(EXERCISE PROMPT):
Word for word, reproduce each line of the data below, omitting every image.

(SOURCE MATERIAL):

----------

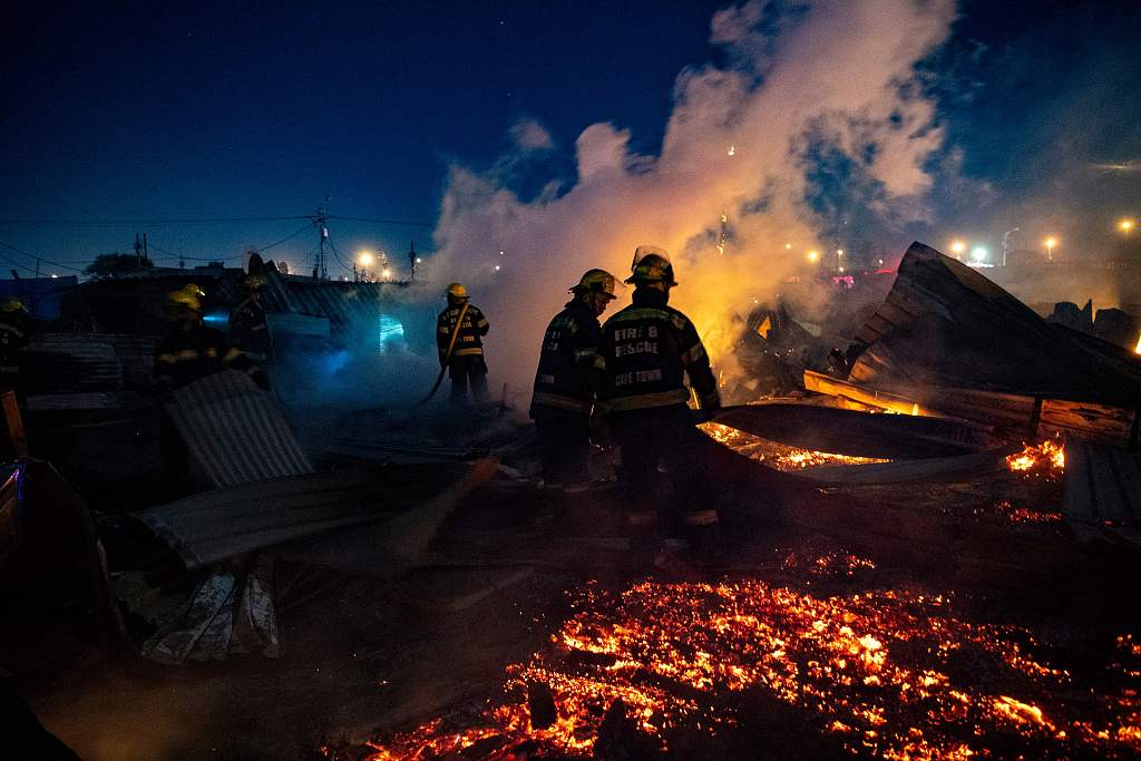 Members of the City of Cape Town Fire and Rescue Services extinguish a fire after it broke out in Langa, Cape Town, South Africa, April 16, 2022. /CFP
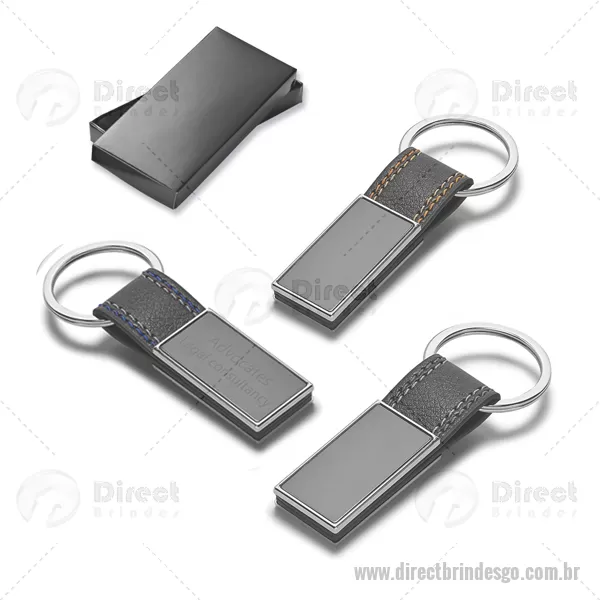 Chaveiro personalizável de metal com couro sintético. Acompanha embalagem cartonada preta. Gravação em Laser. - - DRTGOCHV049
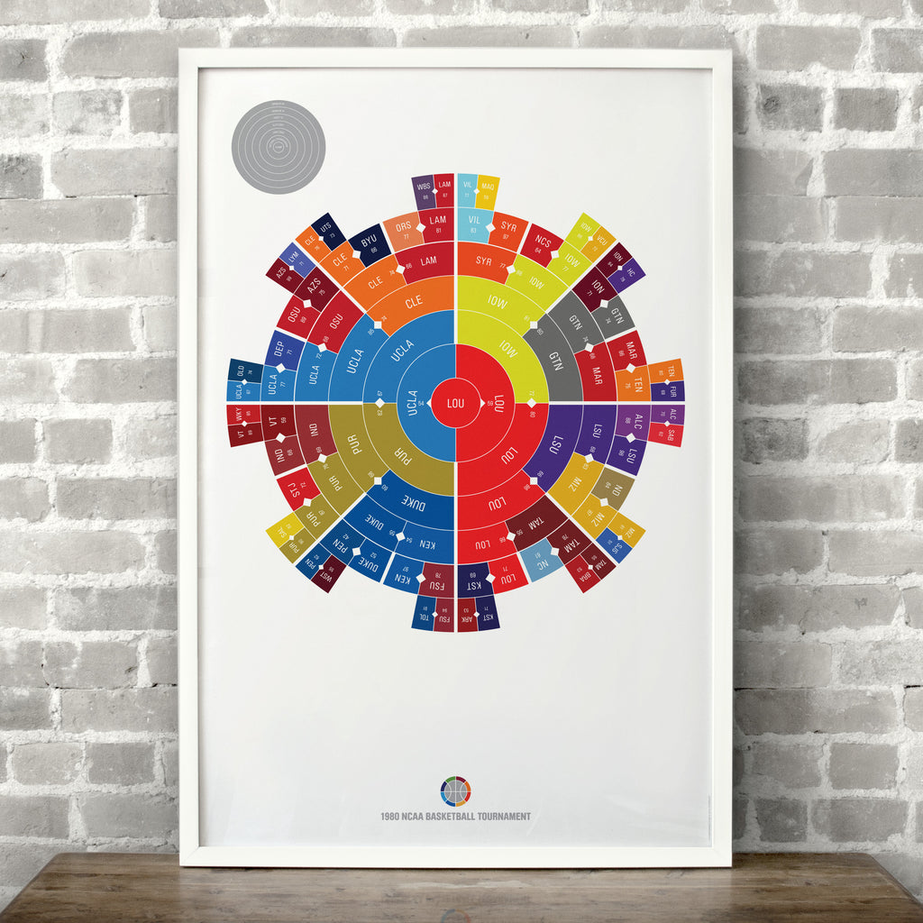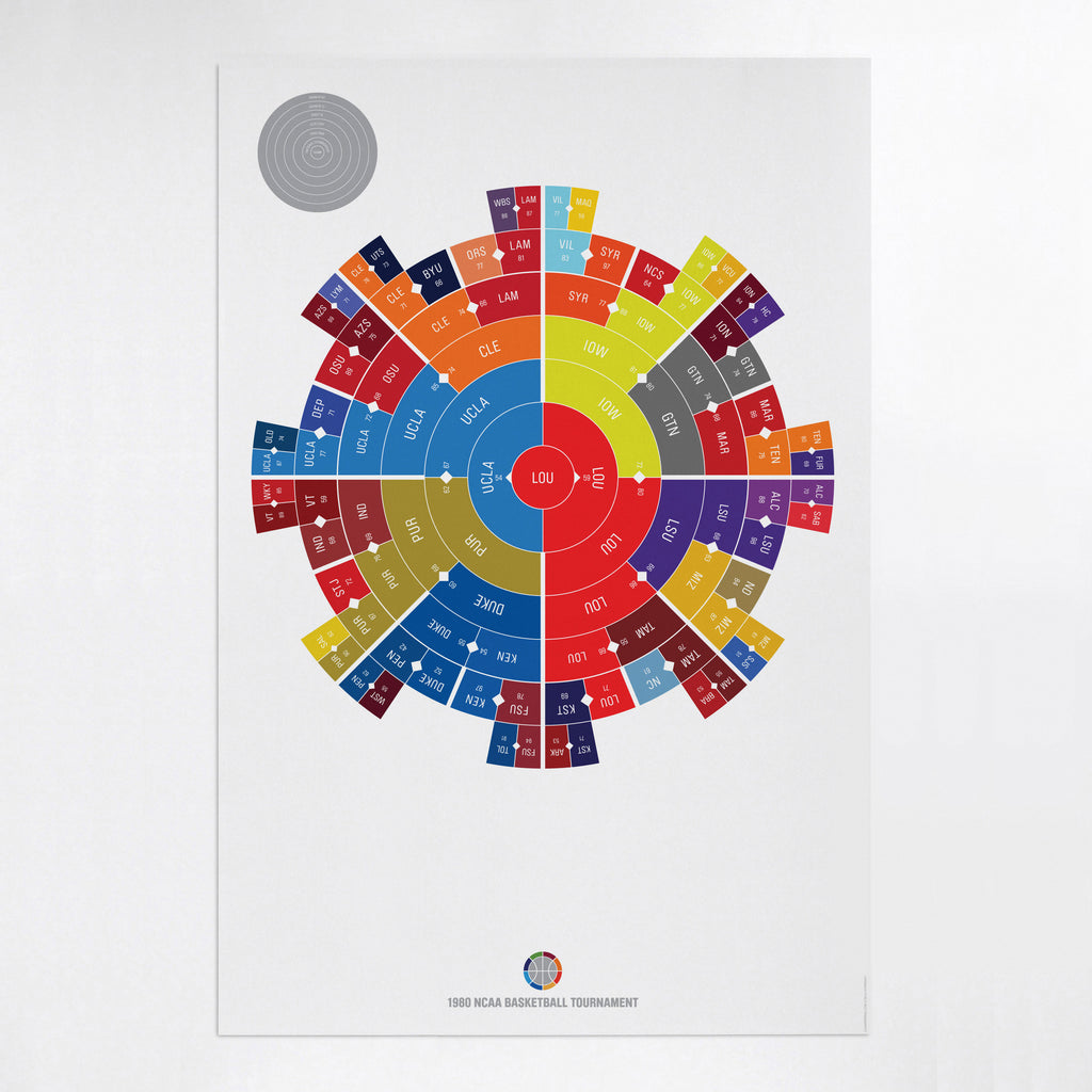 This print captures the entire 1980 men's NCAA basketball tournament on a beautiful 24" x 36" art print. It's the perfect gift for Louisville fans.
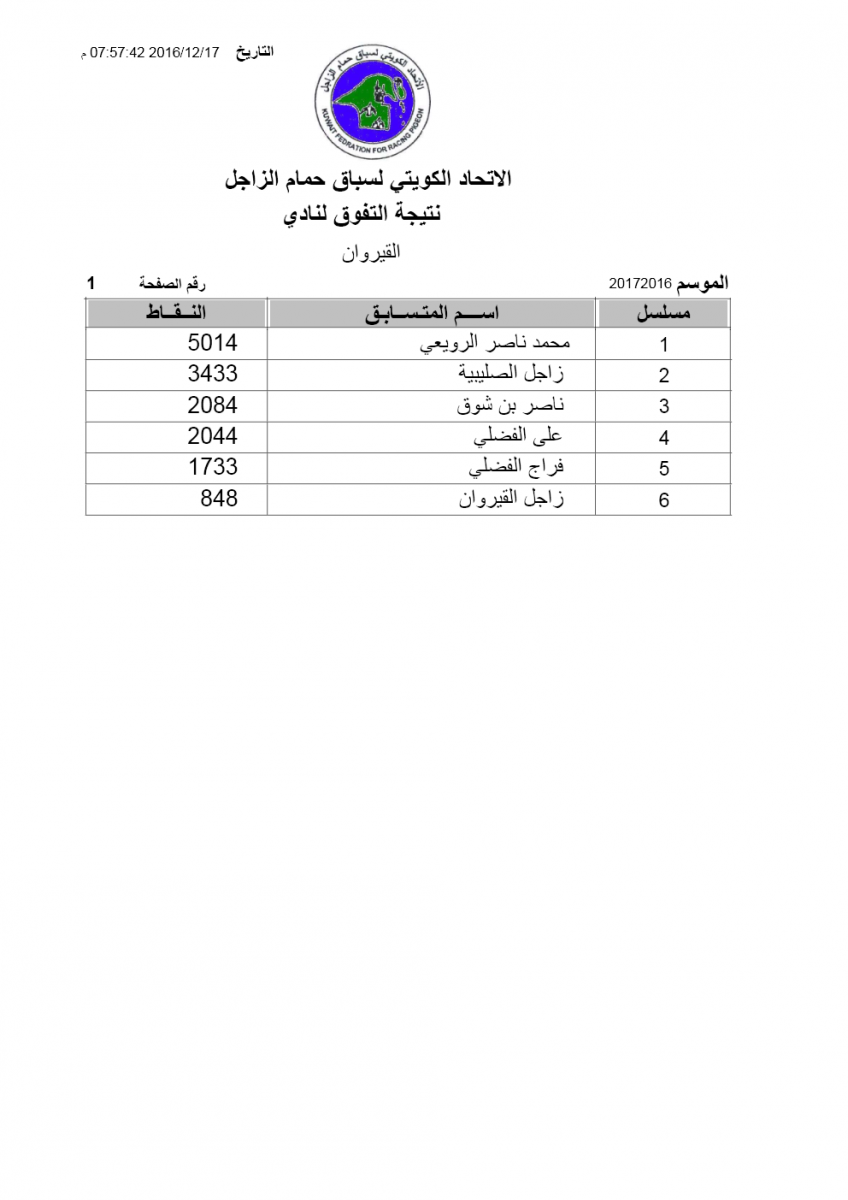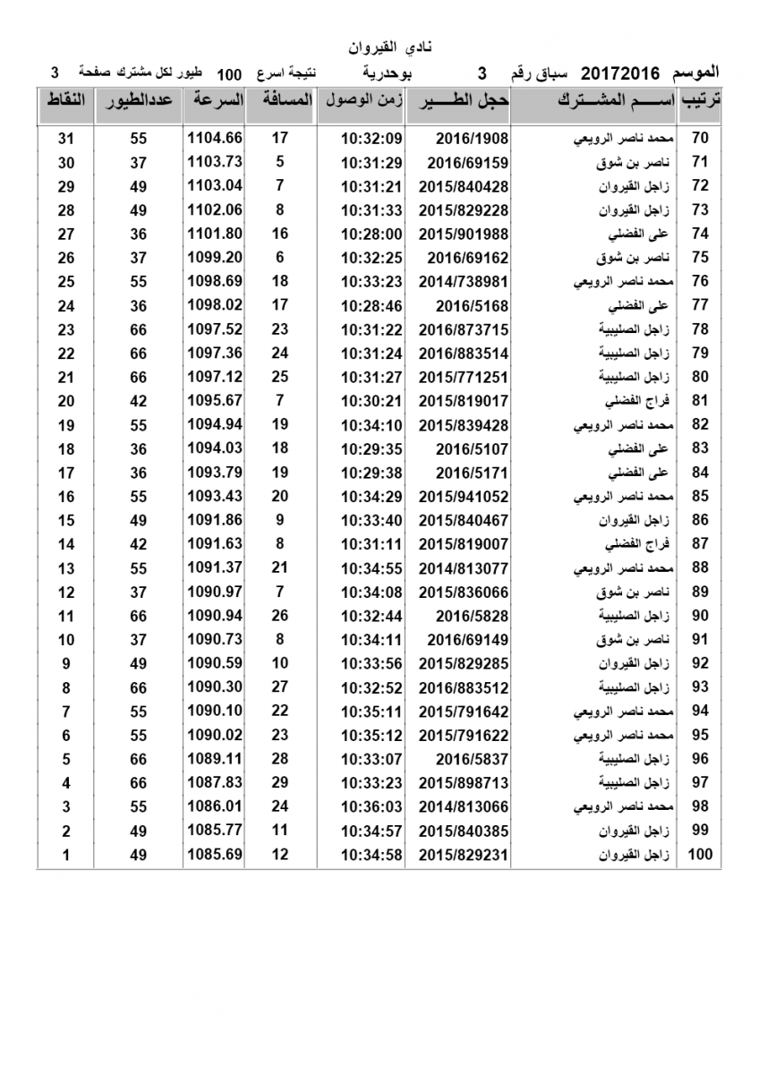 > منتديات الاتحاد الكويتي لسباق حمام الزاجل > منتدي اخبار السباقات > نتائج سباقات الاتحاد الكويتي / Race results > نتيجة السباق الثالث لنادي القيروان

----------

(ANSWER AREA):
 Members of the City of Cape Town Fire and Rescue Services extinguish a fire after it broke out in Langa, Cape Town, South Africa, April 16, 2022. /CFP
 Chaveiro personalizável de metal com couro sintético. Acompanha embalagem cartonada preta. Gravação em Laser. - - DRTGOCHV049
 This print captures the entire 1980 men's NCAA basketball tournament on a beautiful 24" x 36" art print. It's the perfect gift for Louisville fans.
 > منتديات الاتحاد الكويتي لسباق حمام الزاجل > منتدي اخبار السباقات > نتائج سباقات الاتحاد الكويتي / Race results > نتيجة السباق الثالث لنادي القيروان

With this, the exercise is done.